This bit is pretty self-explanatory: if we're building a normal executable, we default to using main as the symbol for our entry point; otherwise, we tell the linker that we're building a dynamic link library instead.

set CommonLinkerFlagsMSVC=%BinLinkerFlagsMSVC% /defaultlib:ucrt.lib /defaultlib:msvcrt.lib /defaultlib:legacy_stdio_definitions.lib /defaultlib:Kernel32.lib /defaultlib:Shell32.lib /nologo /incremental:no
set DebugLinkerFlagsMSVC=/opt:noref /debug /pdb:"%BuildDir%\%ProjectName%.pdb"
set ReleaseLinkerFlagsMSVC=/opt:ref

These should be fairly recognizable to anyone who's worked with MSVC and C/C++ for any modest amount of time; we're just specifying the MSVC linker options here, and making two separate configurations for whether we're making a release or a debug build, with the latter turning off all optimizations and generating a .pdb file for the debugger to use later.

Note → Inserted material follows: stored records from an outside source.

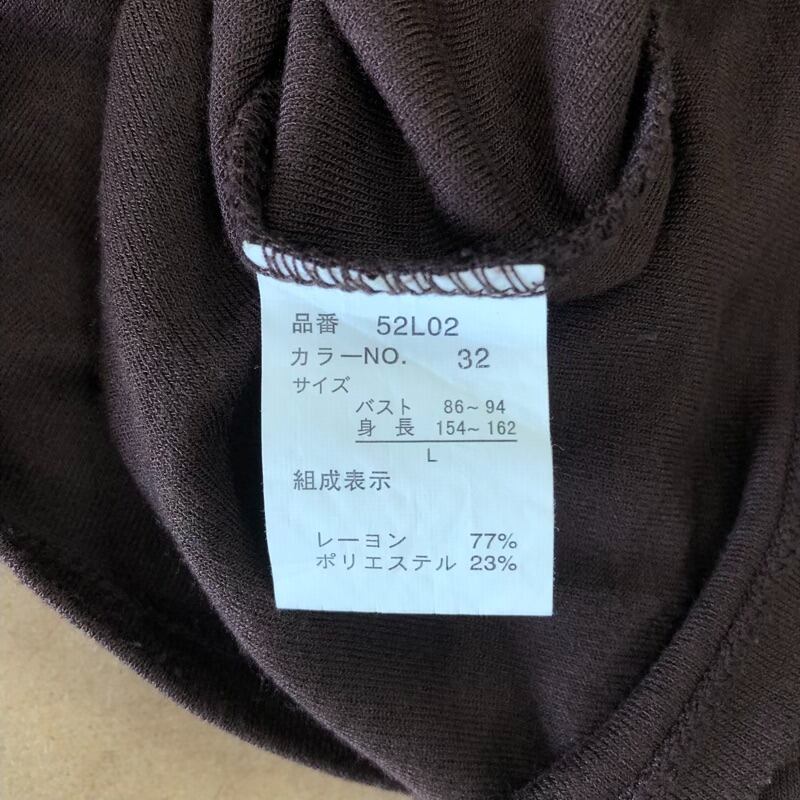 N.Y.OU カットソー フレンチスリーブ ドレープドネック ストレッチ ブラウン Lサイズ 2025082800094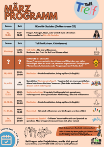 Der Telli Treff bietet jeden Monat ein abwechslungsreiches Programm für Jung und Alt, welches von ITOBA und einer Gruppe von Freiwilligen durchgeführt wird. Neue Ideen für Aktivitäten sind jederzeit willkommen.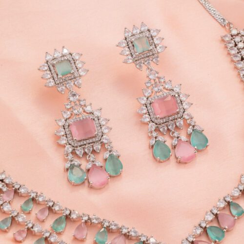 Mint and Pink White Gold Double Chain Necklace set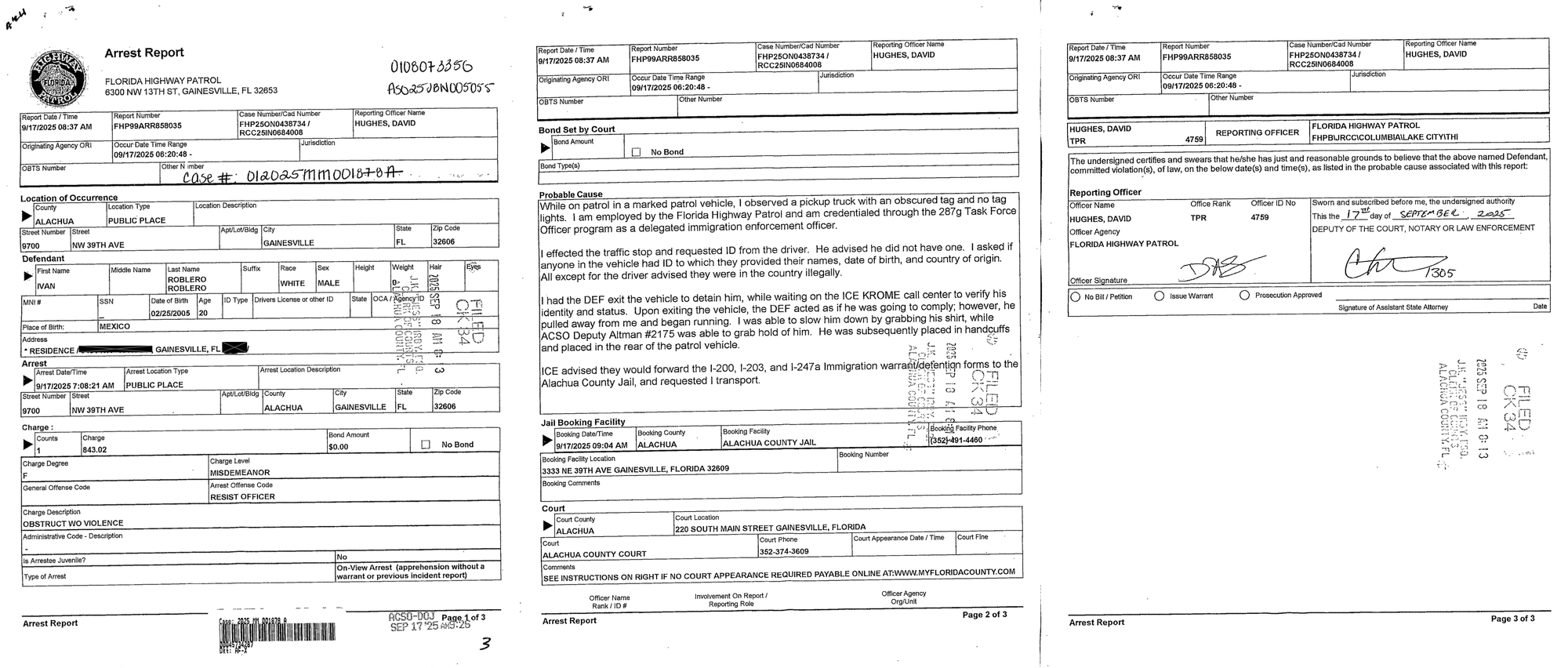 On September 17, 2025, ACSO Deputy Michael Altman physically assisted FHP Trooper David Hughes in arresting Ivan Roblero, who was charged with resisting an officer without violence.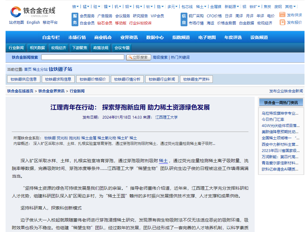 《钛合金在线》:江理学子探索芽孢新应用,助力稀土资源绿色发展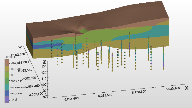 Note above that the soil location points with Lithology mapped to them are shown as cubes, whereas the Source PGF data is displayed with post_samples as tubes. In this case, the soil points were collected along the same borings used for the lithology data (.pgf file), but using this method, that would not be required.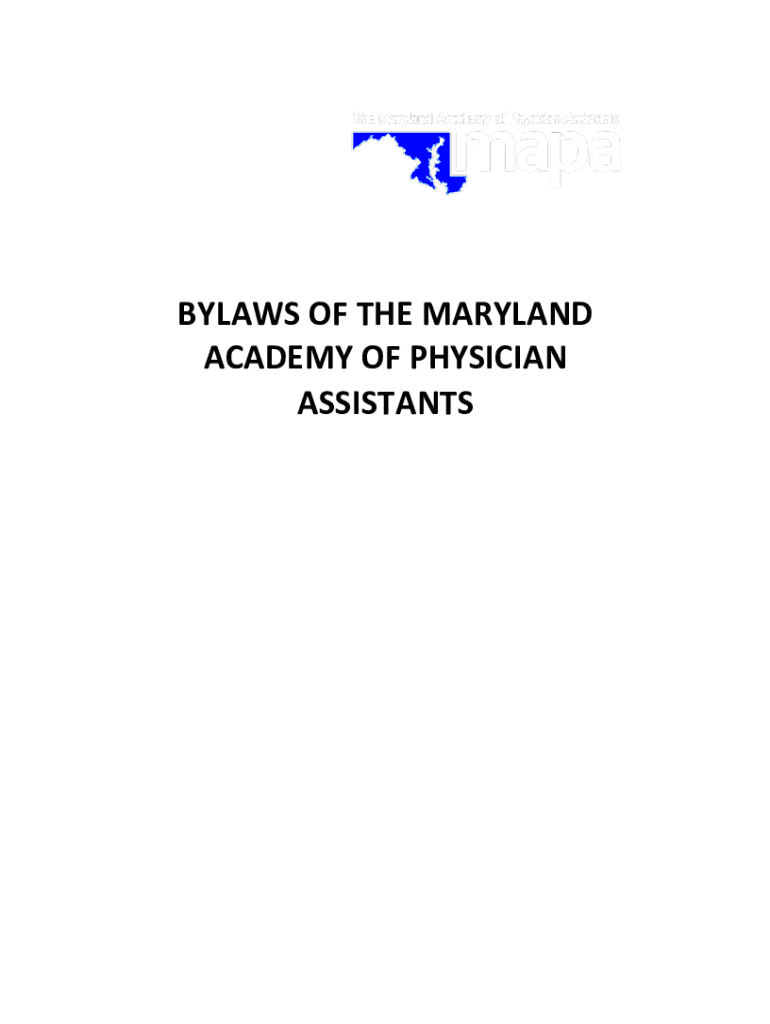 BYLAWS OF THE MARYLAND ACADEMY OF PHYSICIAN ASSISTANTSArticle 1 Name and Offices Section 1. Name The following are the Bylaws of the Maryland Academy of Physician Assistants, herein noted as Maryland

I have a bad feeling about this...

There is one thing of interest here, though, if you look carefully: we're linking against a library called legacy_stdio_definitions.lib, which is not something you'd normally see in C/C++ projects, even those that make extensive use of the Win32 API. We're also linking against both the ucrt.lib and the older msvcrt.lib, which seems odd, since the former is supposed to supercede the latter. What gives?

Well, in our sample code, we make use of a function from the CRT known as printf. Now, just because the C standard says that printf has to exist in your implementation, it doesn't actually govern how it should be implemented. As it turns out, printf has become an inlined function since Visual Studio 2015 and as such, we need to link to legacy_stdio_definitions.lib library in order to maintain access to that CRT function. (This isn't normally a problem in C/C++, since Microsoft fixed up their stdio.h header to automatically resolve this).

As for linking against both the newer and older CRT libraries, it turns out that some other CRT functions such as malloc and rand are only available in the latter, older CRT library, while the rest of the CRT's functionality is in the UCRT one instead. Yes, it is indeed a mess.

if "%BuildType%"=="debug" (
    set CompileCommand=nasm %CommonCompilerFlags% %DebugCompilerFlags% -o "%IntermediateObj%" %EntryPoint%
    set LinkCommand=link "%IntermediateObj%" %CommonLinkerFlagsMSVC% %DebugLinkerFlagsMSVC% %AdditionalLinkerFlags% /out:"%OutBin%"
) else (
    set CompileCommand=nasm %CommonCompilerFlags% -o "%IntermediateObj%" %EntryPoint%
    set LinkCommand=link "%IntermediateObj%" %CommonLinkerFlagsMSVC%  %ReleaseLinkerFlagsMSVC% %AdditionalLinkerFlags% /out:"%OutBin%"
)

Finally, we set the actual assembly and linking commands that are to be executed...

echo.
echo Compiling (command follows below)...
echo %CompileCommand%

%CompileCommand%

if %errorlevel% neq 0 goto error

echo.
echo Linking (command follows below)...
echo %LinkCommand%

%LinkCommand%

if %errorlevel% neq 0 goto error
if %errorlevel% == 0 goto success

:error
echo.
echo ***************************************
echo *      !!! An error occurred!!!       *
echo ***************************************
goto end


:success
echo.
echo ***************************************
echo *    Build completed successfully!    *
echo ***************************************
goto end


:end
echo.
echo Build script finished execution at %time%.
popd
exit /b %errorlevel%

...and execute them. The full build script is available in the Code Repository section for reference.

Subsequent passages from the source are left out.